ABOUT THIS EXERCISE |
Further down are entries; set down exactly and only the lines from the one with "Eller så tar" up to and including the one with "Stunning fully renovated", dropping each picture.

DATA SUPPLIED |
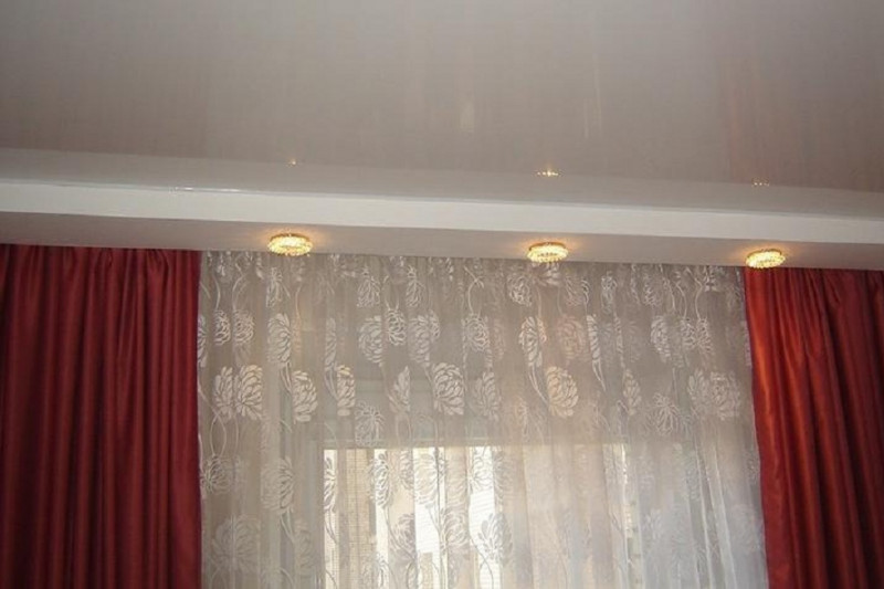 Карниз монтируется на одном уровне с натяжным полотном. В готовом виде это даст эффект парящих штор, смотрится более легко, изящно. Подходит, если вы планируете тонкие полупрозрачные занавески.
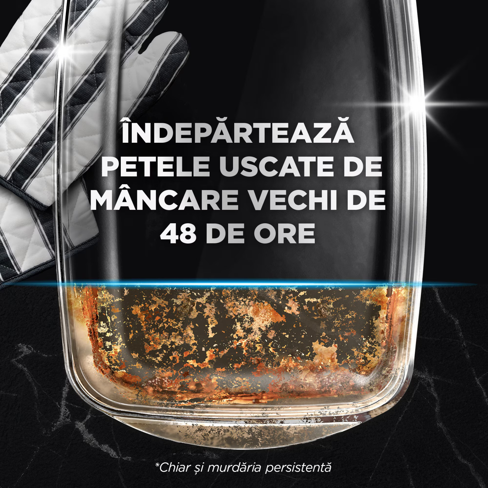Detergentul pentru masina de spalat vase Finish Ultimate asigura curatare absoluta si indeparteaza resturile alimentare intarite de pana la 48 de ore.
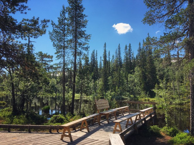 Eller så tar du med dig egen matsäck. I så fall finns det flera platser med bänkar runt Njupeskärsslingan där du kan sitta bekvämt och fika. Eller så sätter ni er på några stenar uppe på kalfjället. Helt enkelt är det dock inte att hitta stenar att sitta bekvämt på. Men visst finns det platser! Ta gärna med underlag att sitta på.
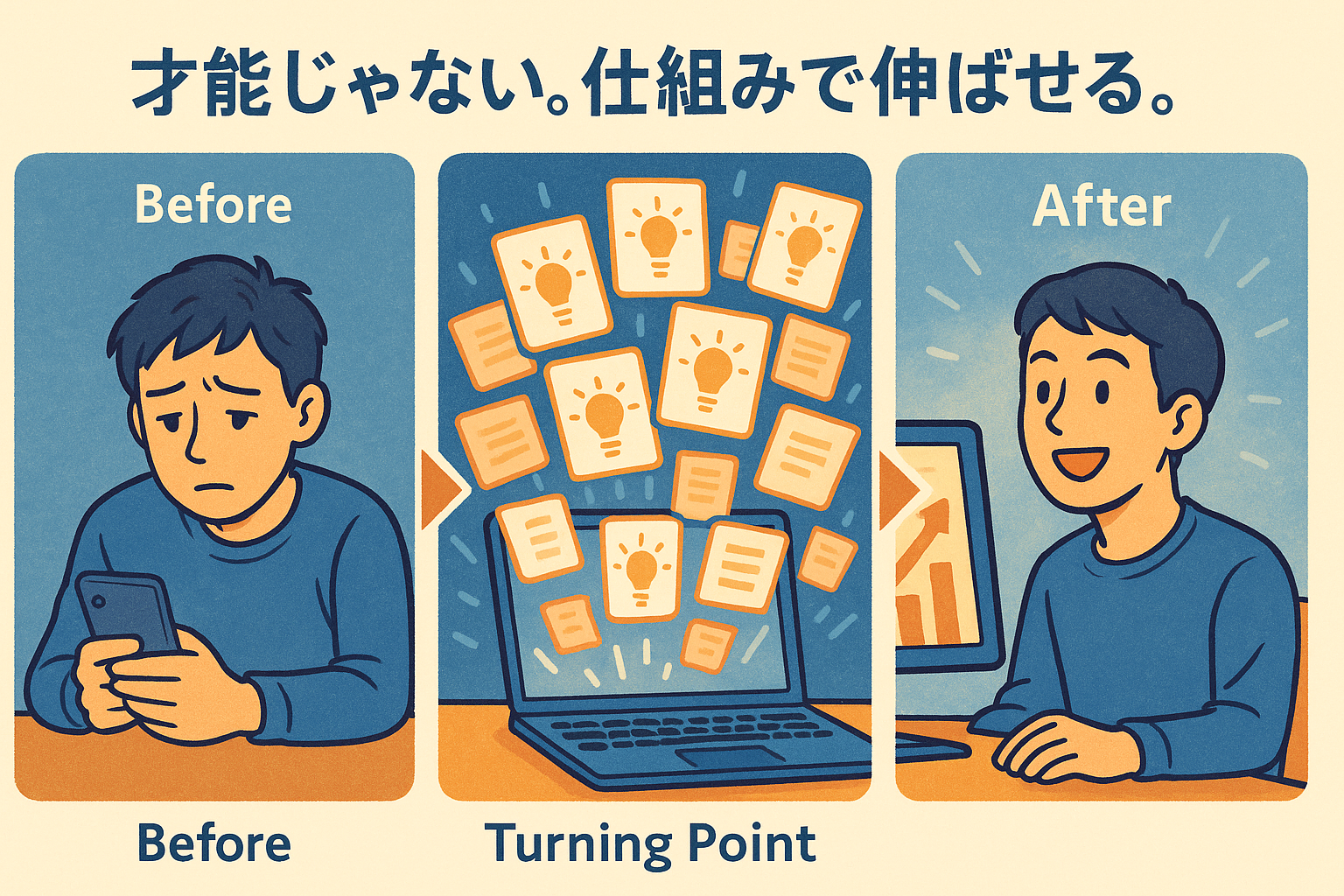 伸びる人と伸びない人の違いは、センスや運ではありません。違いを生むのは 「仕組み化された改善サイクルを持っているかどうか」 です。
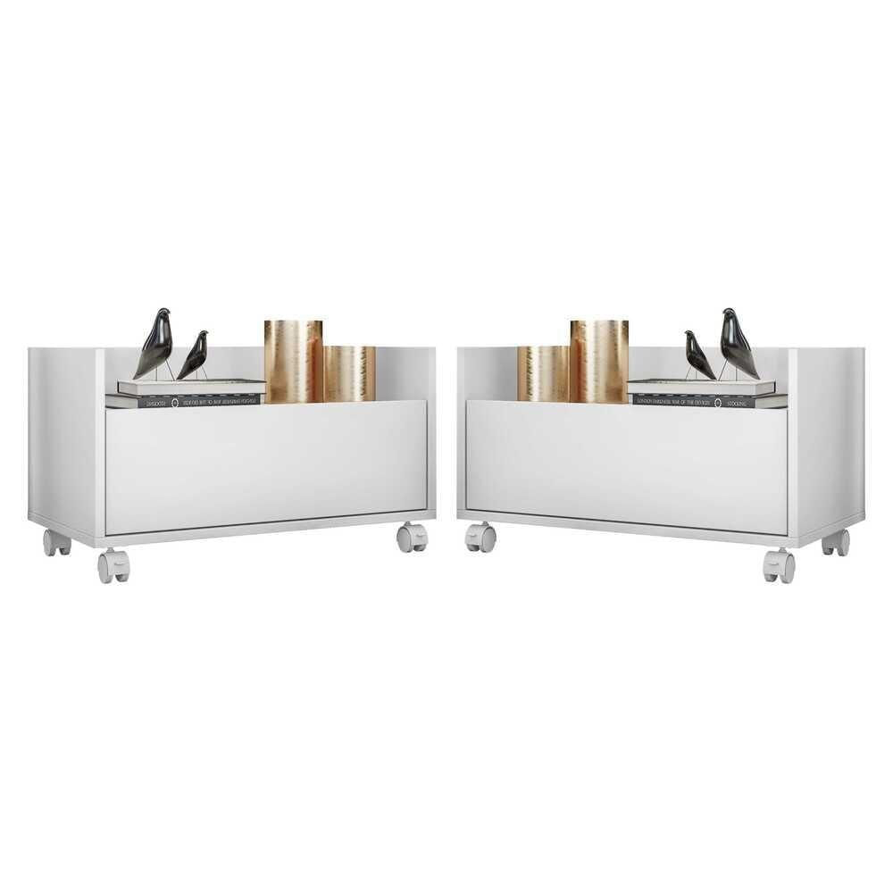 Kit Com 2 Mesas De Cabeceira 60Cm Com Rodízios Multimóveis V3635 Branca Branco
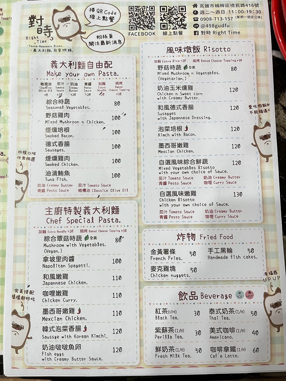 2024最新在地推薦餐廳的菜單_對時義大利麵、自家烘焙的菜單、圖片
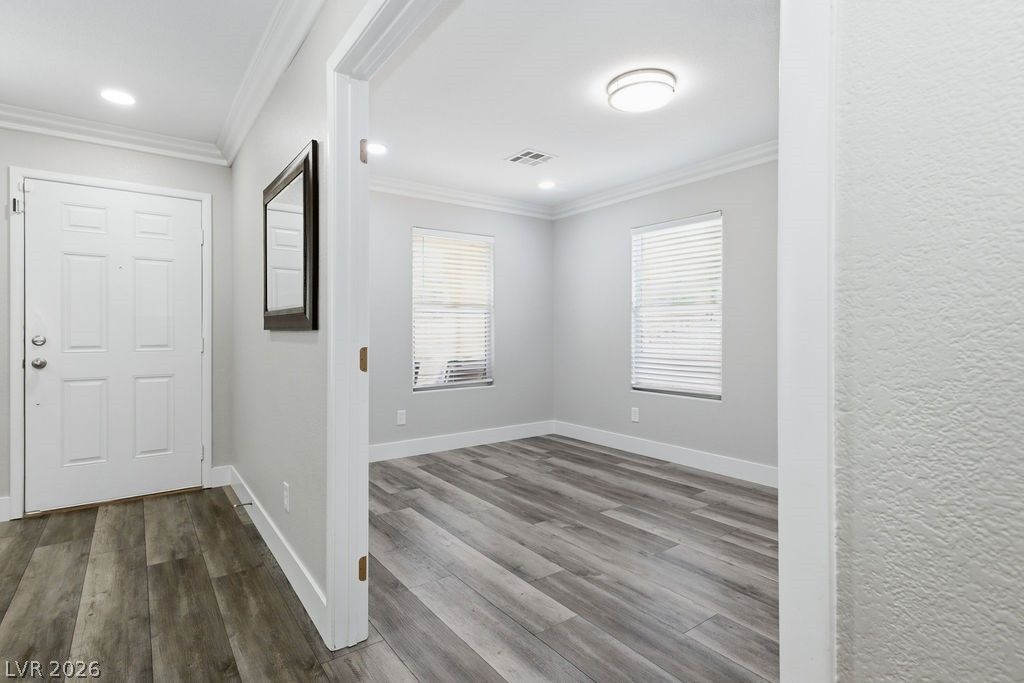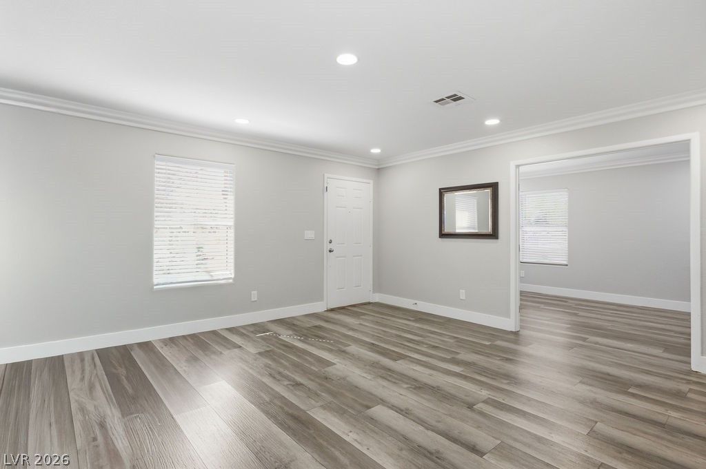 Stunning fully renovated single-story home offering 3 bedrooms, 2 bathrooms, plus a versatile den. Thoughtfully upgraded with brand-new luxury vinyl plank flooring, fresh designer paint, new baseboards, and elegant crown molding throughout. The reimagined kitchen features sleek granite countertops and stainless steel appliances, blending style with functionality. Retreat to the spacious primary suite, highlighted by a beautifully remodeled, spa-inspired shower. The open-concept layout and flexible den create the perfect balance of comfort and sophistication. Ideally located near parks, shopping, dining, and freeway access, this turnkey home delivers modern luxury in one of Henderson's most desirable areas.
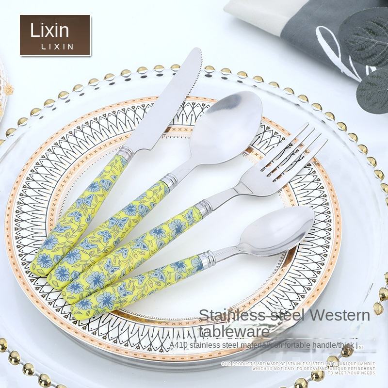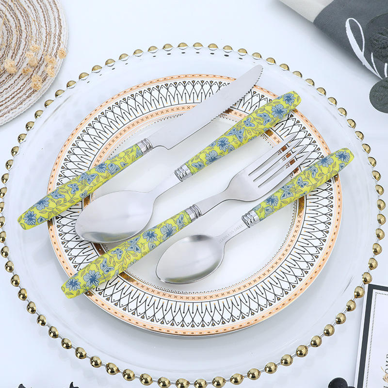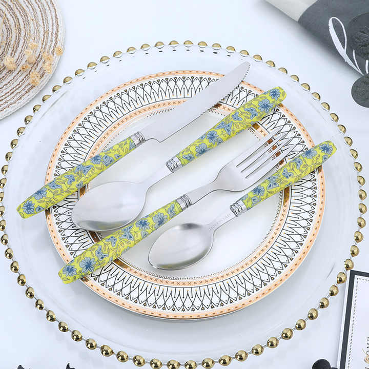 Ensemble d'ustensiles en acier inoxydable, ustensiles de table, couteaux, fourchettes, cuillères, 24 pièces, poignée en plastique, ensembles de couverts, nouveau
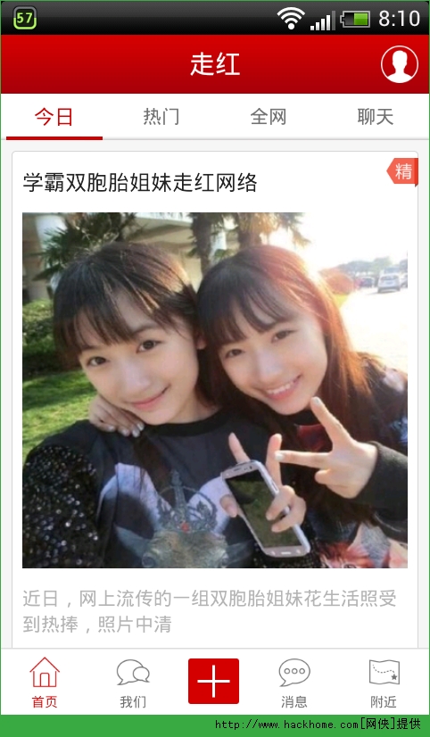 走红软件安卓版app:这是一款关于社交的手机app软件,这款软件里面不仅每日会更新一些新闻动态或热点焦点还会有一些周边的唯美照片哦。软件还能发出即时聊天。快和你周围的人畅快的聊起来吧!
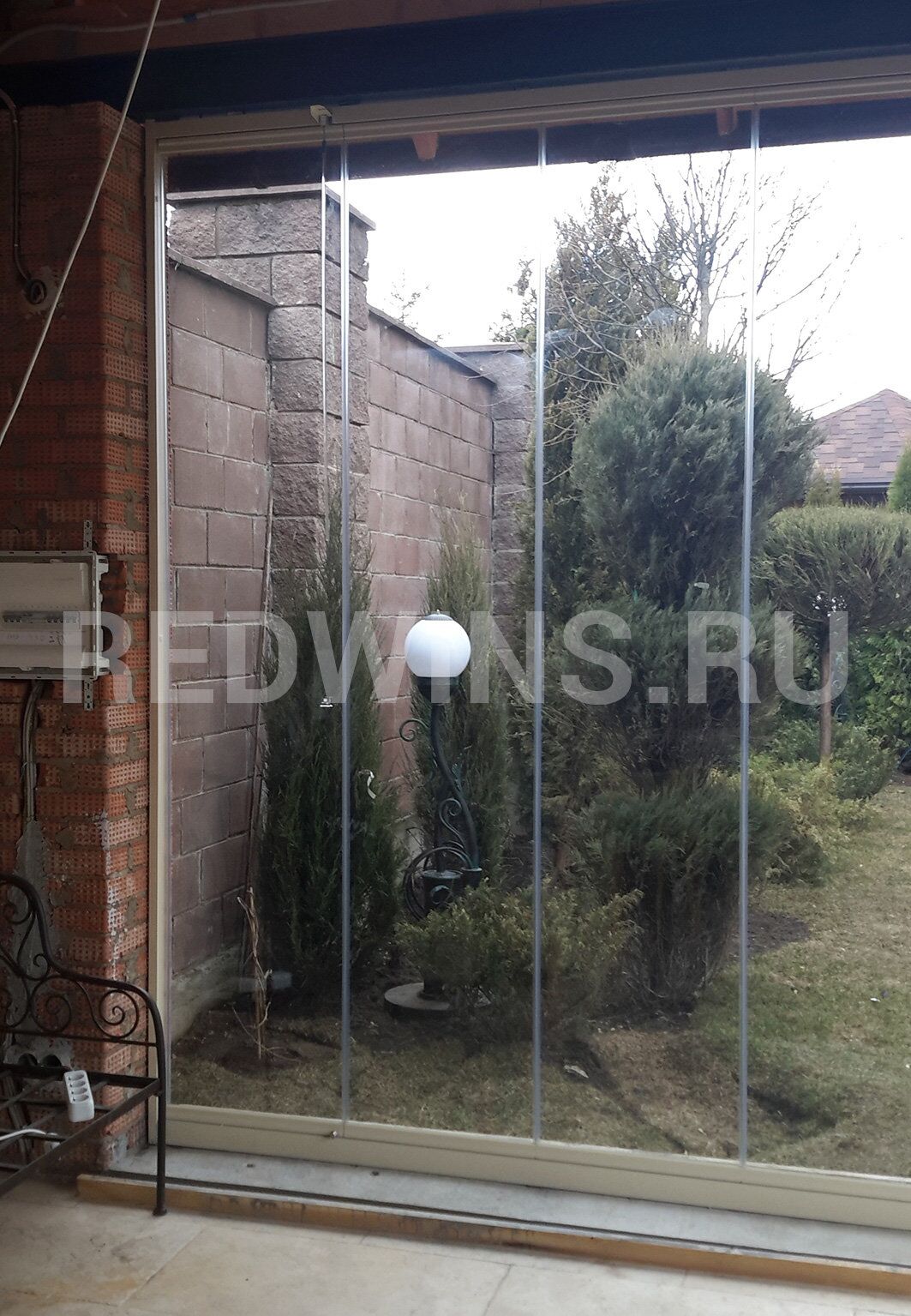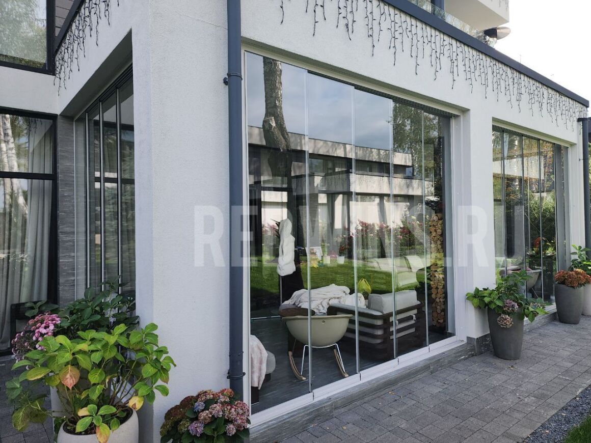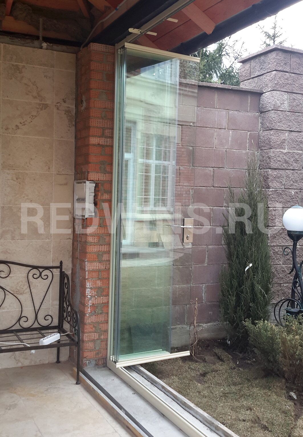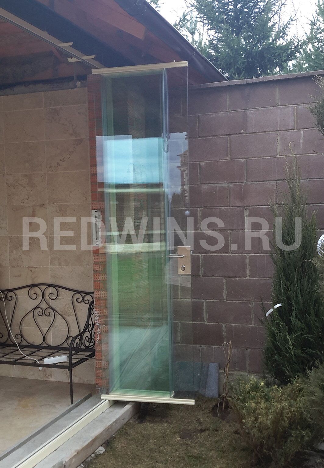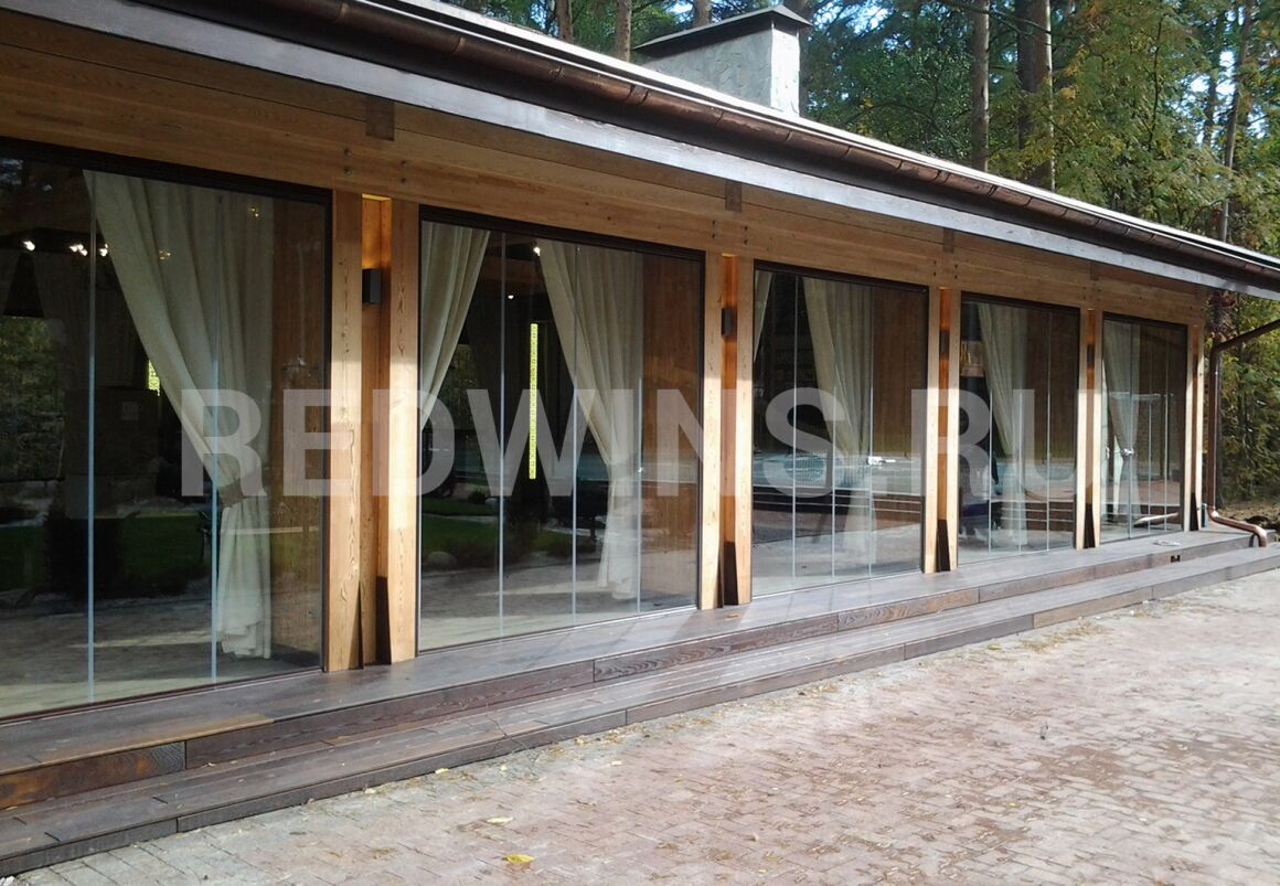 Гильотинное и безрамное остекление с дверью и замком террасы.

SOLUTION TO THE EXERCISE |
 Eller så tar du med dig egen matsäck. I så fall finns det flera platser med bänkar runt Njupeskärsslingan där du kan sitta bekvämt och fika. Eller så sätter ni er på några stenar uppe på kalfjället. Helt enkelt är det dock inte att hitta stenar att sitta bekvämt på. Men visst finns det platser! Ta gärna med underlag att sitta på.
 伸びる人と伸びない人の違いは、センスや運ではありません。違いを生むのは 「仕組み化された改善サイクルを持っているかどうか」 です。
 Kit Com 2 Mesas De Cabeceira 60Cm Com Rodízios Multimóveis V3635 Branca Branco
 2024最新在地推薦餐廳的菜單_對時義大利麵、自家烘焙的菜單、圖片
 Stunning fully renovated single-story home offering 3 bedrooms, 2 bathrooms, plus a versatile den. Thoughtfully upgraded with brand-new luxury vinyl plank flooring, fresh designer paint, new baseboards, and elegant crown molding throughout. The reimagined kitchen features sleek granite countertops and stainless steel appliances, blending style with functionality. Retreat to the spacious primary suite, highlighted by a beautifully remodeled, spa-inspired shower. The open-concept layout and flexible den create the perfect balance of comfort and sophistication. Ideally located near parks, shopping, dining, and freeway access, this turnkey home delivers modern luxury in one of Henderson's most desirable areas.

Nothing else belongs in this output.